Most often, it is the husband who prepares and files the income tax return when couples are filing jointly. Every spouse has the burden to investigate when she suspects that the information the husband is providing her is incorrect. The IRS rarely grants innocent spouse relief, especially in situations where the primary argument is that the other spouse lied on an income tax return.

However, if the spouse seeking relief can prove that she did make an effort to inquire and was repeatedly lied to about the couple’s finances then the IRS can release a spouse from liability for a tax deficiency. In order to obtain a release from liability for a tax deficiency because of your spouse’s failure to include income, the IRS will look at several factors to determine whether you can also be held responsible for paying the additional tax and penalties.  

1) Educational background and the ability to understand finances is a factor that will determine whether a spouse can be held liable for unpaid taxes. Those with a limited education and virtually no experience with handling the family’s finances will likely obtain relief, but those who are actively involved in managing the couple’s finances will find it much harder to convince the IRS that they are entitled to relief.
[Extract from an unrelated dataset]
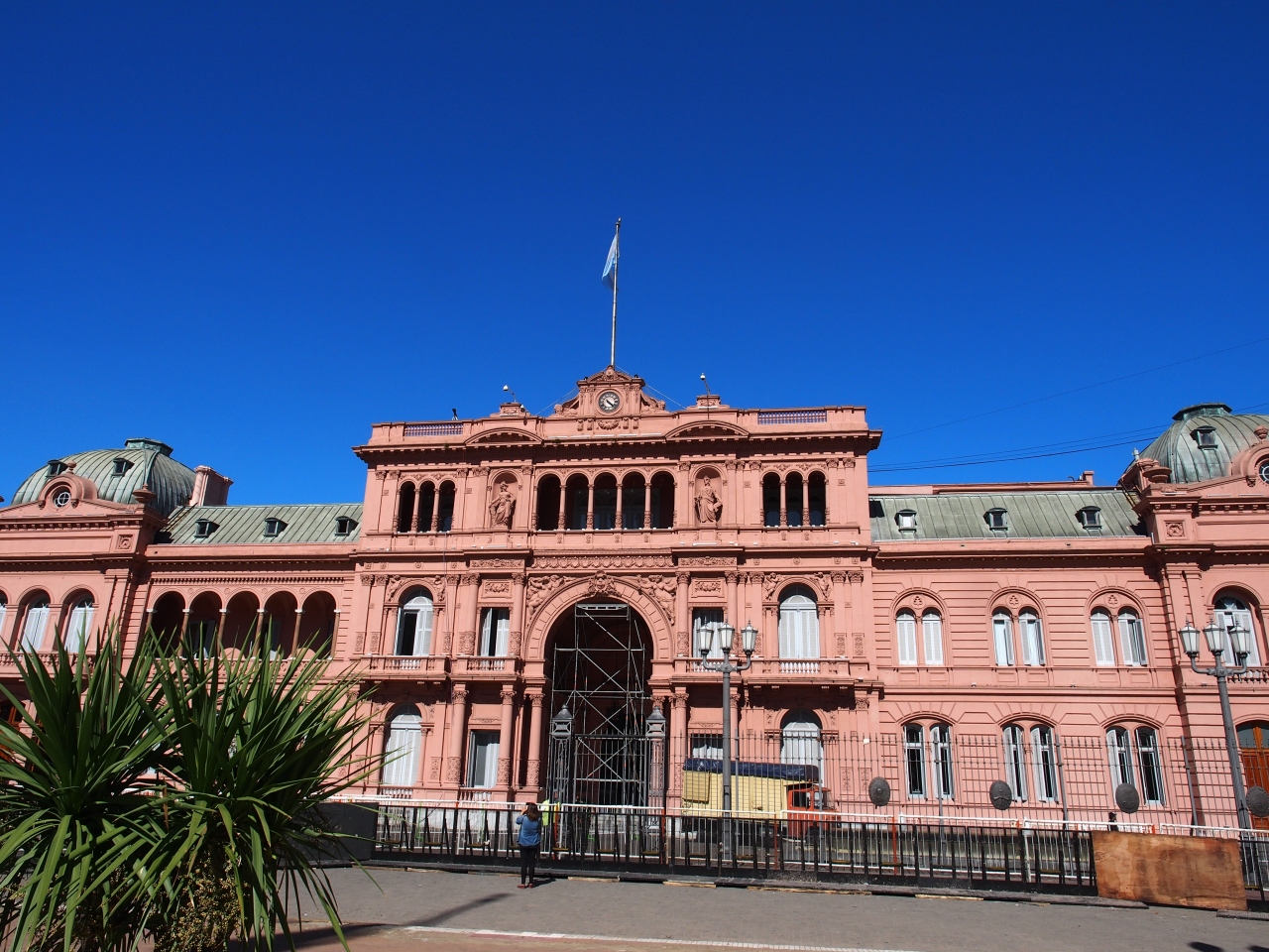 ピンク色の外観が愛らしい建物です。この色は牛の血と石灰を混ぜて塗ったという伝統の色らしいです。日中は普通なんですが、夜に行ってみてびっくり。ライトアップされていたんですがそれがかなりどぎついピンクで、ちょっと怪しい雰囲気になっていて、アルゼンチン人と日本人の感覚の違いを感じました。

2) Spouses seeking relief must lack knowledge or experience with financial matters in order to be exempt from liability for unpaid taxes.  Joint bank accounts and a wife’s knowledge of the husband’s income are factors that weight against a spouse seeking relief from liability. According to the IRS, having access to a joint bank account and knowing the sources of the spouse’s income provide enough reason for a spouse to know if a return is inaccurate or at the very least understand that there may be questionable items on an income tax return.

3) Being separated or divorced is a positive factor that works in favor of the spouse seeking relief, but marital status alone will not guarantee relief. The IRS looks at the complete picture of how the couple interacted during the marriage regarding their finances when deciding to release a one spouse from joint tax liabilities.